I wish I could tell you that this ended there. However, this has been a repeated story in my life. At the age of 21, and not yet married, I became a treatment foster care parent in the State of New Mexico. This type of foster-parenting is not for the faint-hearted. Instead, it was a full-time job that required a great deal of attention. At times, it felt like I was running a rehabilitation center out of my very own home. And as expected, this didn’t fit the gender-role expectations of one of my former pastors. Although, I had left his denomination by this time, he chose to write letters to the pastors throughout the state of New Mexico, instructing them to not accept me into their congregations. He reasoned that I was attempting to start a family in an unnatural way (that was a new concept for me, especially since my placements were court ordered to treatment, not available for adoption, and it was my primary source of employment. [SMH]). Apparently his cultural expectations did not have room for the good will of someone who was trying to improve society.

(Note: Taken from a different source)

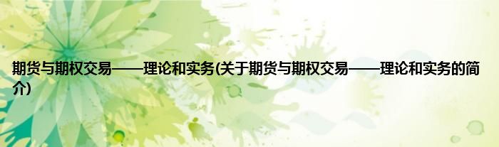 大家好,期货与期权交易——理论和实务,关于期货与期权交易——理论和实务的简介很多人还不知道,现在让我们一起来看看吧!

I wish I could tell you that I have managed to escape the criticism and opinionated judgement of others. Sadly, once in a while someone interjects an unsolicited opinion of their expectation….
Anyhow, this is what I’ve learned throughout this journey.
- No one, other than God, has the right to define what masculinity looks like.
For years, I gave people the power to define masculinity for me. This confused the heck out of me. Truth is, I’ve been given an example of who I want to model my life after…. His name is Jesus. Anything short of that misses the mark of excellence, in fact, it’s people pleasing… and I’m so done with that.
- I am 100% comfortable being me.
I’ve come to terms that I absolutely suck (yes, I used the word “suck”) at sports, mechanic work, and fixing things. However, there are hundreds of other things that I’m good at, and that I’ve love doing. God is so good too… He blessed me with an amazing wife who embraces my love of the kitchen. She hates cooking and she was blessed with the talent to have her own home remodel show on HGTV (God sure does have a sense of humor). Truth is, I love being me, and I refuse to be embarrassed of who I am.
- I refuse to be part of any organized group of people that holds an archaic and unbiblical worldview that oppresses others.
At the age of twenty-one, I chose to walk away from the fellowship that I was born into. This was one of the hardest decisions that I made. For years, I felt unworthy to even breathe without being judged. I’ve learned that I know where my faith resides, and it’s definitely not in the opinion of others. I’m grateful that I have a timeless manuscript to guide me when I have questions. I’m super-grateful that God has surrounded me with an amazing group of people that I can worship God freely with now….. and sometimes I do stupid stuff, but just like Jesus, they love me anyhow.